Downtown in gadget city
Last week, I had the rather amusing job of sitting on a sofa for a TV programme and evaluating lots of newfangled gadgets.
The idea was like this: three of us would stare dumbfounded at a digital widget, until the presenter would pick one of us and say: 'So, is it any good?' There would be the briefest pause as the chosen journalist processed a panic message from his/her brain stem which said: 'Quick, kill them all, eat them and run away,' before our training kicked in. Then, smooth as you like, we'd smile wryly and say: 'Nah. Never work.' (Asking a journalist about how things will work in real life has always seemed slightly odd to me. It's roughly equivalent to having a broken leg and asking a hacksaw manufacturer what he thinks the best course of treatment is. But you never heard me say that.)
Luckily for our hosts, our approach was right on the mark.
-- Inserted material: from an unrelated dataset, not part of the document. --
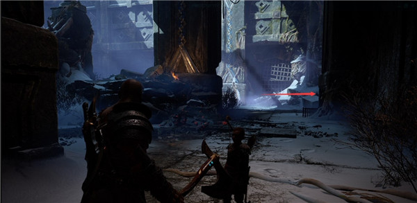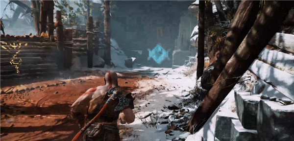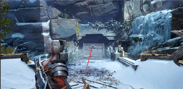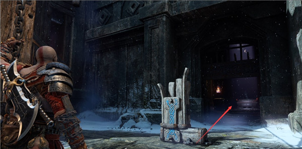 回到神殿内解谜,拉铁链升起门,然后扔斧子把齿轮冻住。

Because with few exceptions, the widgets were virtually unusable, following the general hi-tech principle of making something according to the BWC standard (Because We Can).
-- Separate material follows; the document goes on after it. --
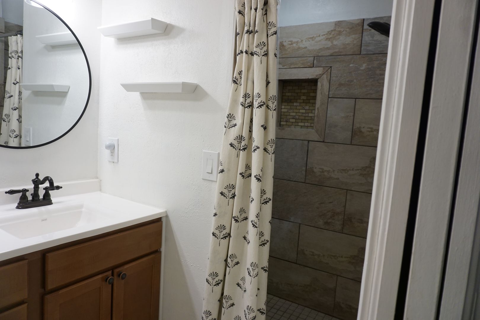 •Master bathroom room has a double vanity sink and walk in shower

Occasionally, when we see something silly, it gives us all a good laugh, so we haven't yet called for BWC design to be made a capital offence.
For example, here's a BWC from our TV adventure: a device that sits on top of your TV, connects to the phone line and video conferences with your mate.What a fantastic idea. Apart from four small niggles: 1: Your mate has to have one of these devices as well. 2: It costs #400 so he won't be your mate for long. 3: It uses an ordinary phone line so the picture updates at an unusable seven frames a second. 4: Watching your mate sitting on a sofa complaining to you about how skint he is because he bought a video conferencing thingy is even less fun than watching You've Been Framed. Although if you're prepared to shell out for this product, you're probably not bright enough to appreciate such minor objections. You and your mate deserve each other.
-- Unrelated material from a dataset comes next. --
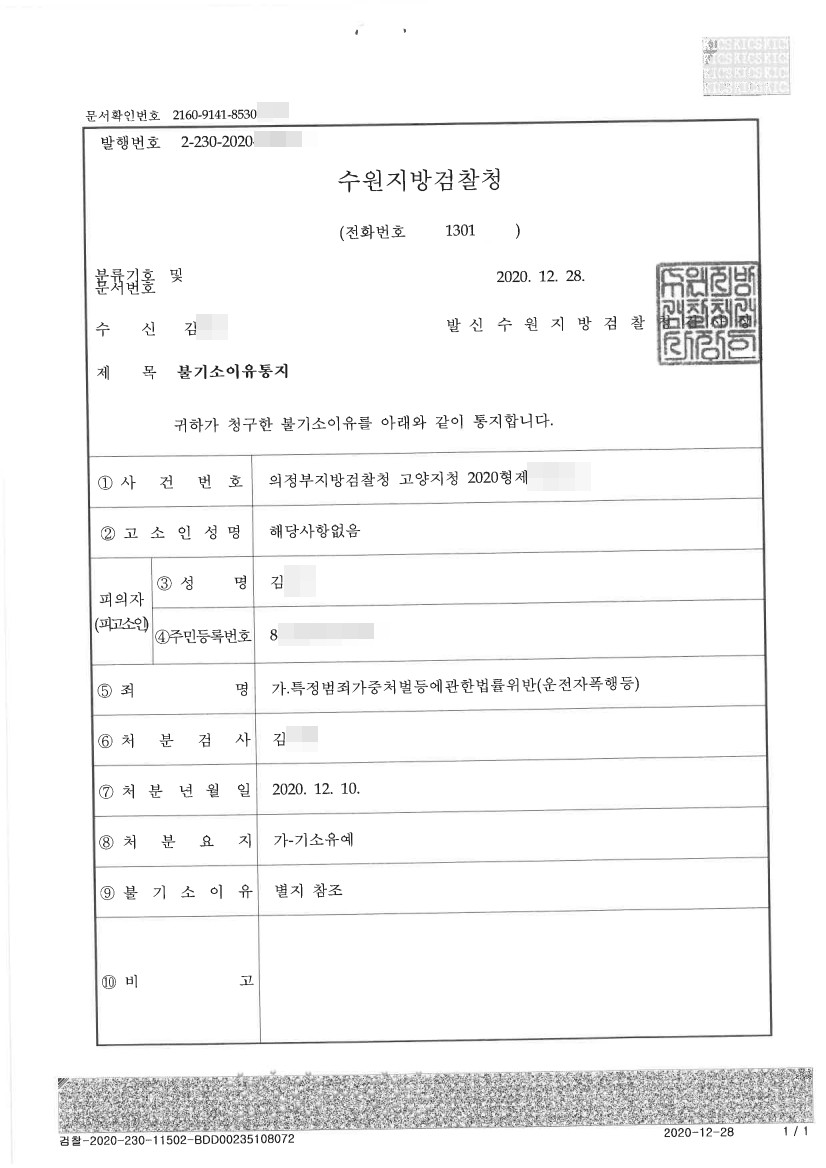 변호인의견서를 통해 강력한 처벌이 필요한 특가법 위반 운전자폭행 상황이 아님을 검찰에 설득시켰고, 동시에 택시기사에게도 위와 같은 상황임을 주지시킨 결과 최소한의 금액으로 합의도 성사시켰습니다. 최종적으로 약 5개월의 수사기간이 경과한 끝에 벌금형도 아닌 [기소유예] 처분을 받을 있었습니다.

Another BWC for last week: a digital camera that stores pictures on a floppy disk. Amazing! Apart from the minor problem that the picture quality is terrible, the camera is big and floppy disk shaped and a perfectly good system for digital cameras already exists using smart cards. This produces good quality pictures and lets you send the card away to be developed into prints. When the decision to design these products was made, did no bright young thing think to ask: 'Why are we doing this?'
There's only one area BWC doesn't apply: making things cheap. The principle of BWC means making a new, more complex version of something that works already. So rather than make a #500 PC, manufacturers make a #1,500 PC that's a bad hi-fi too. Why not use BWC principles on PC pricing, some consumers ask. 'Why bother?' manufacturers say. 'Customers who buy analogue TV video conferencing units have deep pockets and small brains.' In short, we get away with it because we can.
Tim Phillips is a freelance IT journalist.